18/01/2026
🛖 La daboyta, maison nomade et trésor des Afars
Au nord de Djibouti, là où le vent balaie le désert et où la lumière change à chaque heure du jour, les Afars ont depuis longtemps inventé un habitat à leur image : la daboyta.
Souvent traduite par “hutte” ou “cabane”, la daboyta est en réalité une tente ingénieuse, faite d’une armature d’arceaux en bois recouverts de nattes tressées en feuilles de palmier doum.
Sa forme hémisphérique, d’environ deux mètres de haut et plus de quatre mètres de long, protège de la chaleur, du vent et de la poussière, tout en restant démontable et transportable d’un camp à l’autre.
Dans la culture afar, ce sont les femmes qui montent, démontent et entretiennent la daboyta. Ce geste n’est pas seulement technique : il symbolise leur rôle central dans la vie du camp, dans la gestion de l’espace familial et dans la transmission du savoir-faire.
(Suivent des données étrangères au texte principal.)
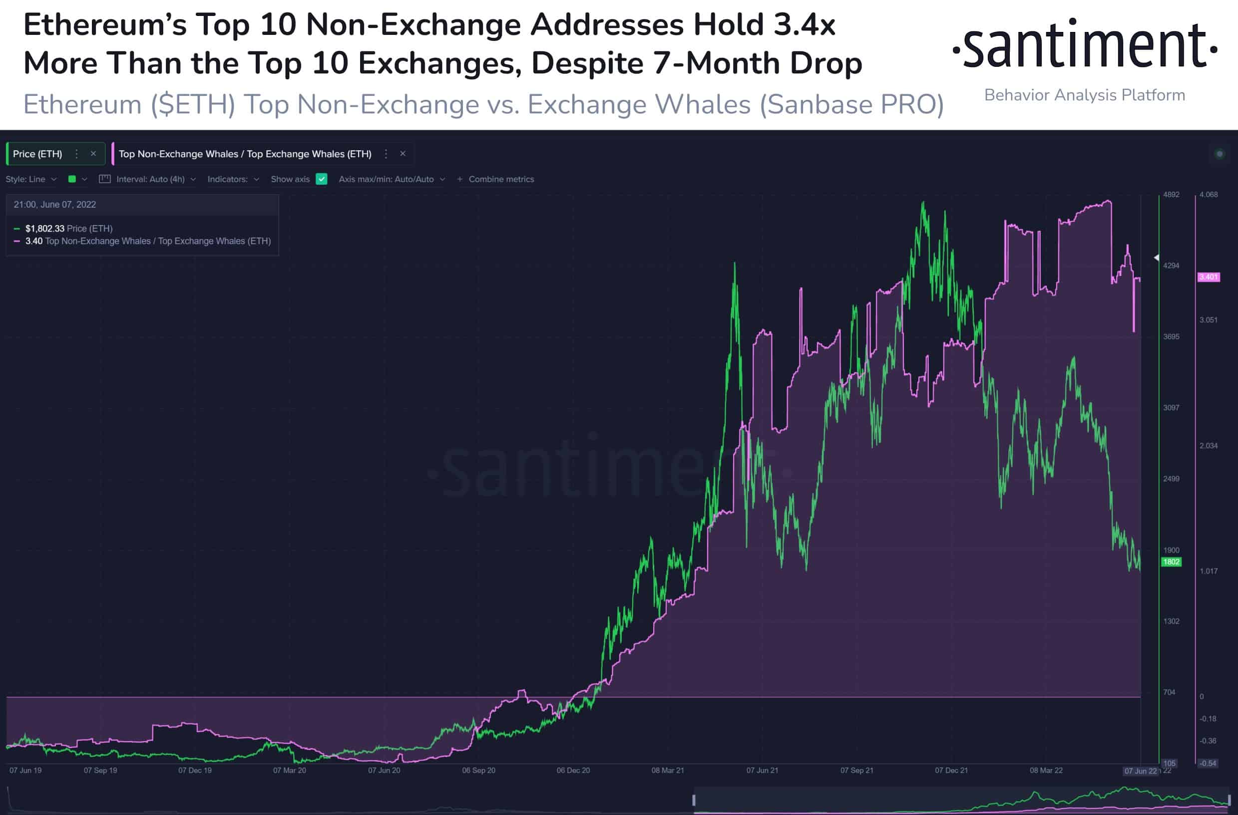 “Os 10 principais endereços de não exchange vs. exchange da Ethereum estão mantendo uma alta proporção de ETH de propriedade sobre as 10 principais baleias não exchange. Com um tremendo 3,4x mais moedas detidas, ainda parece haver uma crença de que os preços podem estabilizar.”

Autour de la daboyta, on vit, on discute, on accueille les visiteurs, on organise le quotidien. C’est un lieu simple, mais chargé de dignité et de mémoire.
Aujourd’hui, même si l’urbanisation et les habitats en dur gagnent du terrain, la daboyta reste un emblème puissant : on la retrouve dans certains campements touristiques, ou même mise à l’honneur lors de grandes expositions internationales, comme à Shanghai en 2010, où une daboyta djiboutienne a été présentée comme symbole de l’ingéniosité et de la culture du pays.
Protéger et valoriser la daboyta, c’est reconnaître qu’un simple abri peut raconter l’histoire d’un peuple, d’un désert et d’un art de vivre en harmonie avec un environnement exigeant.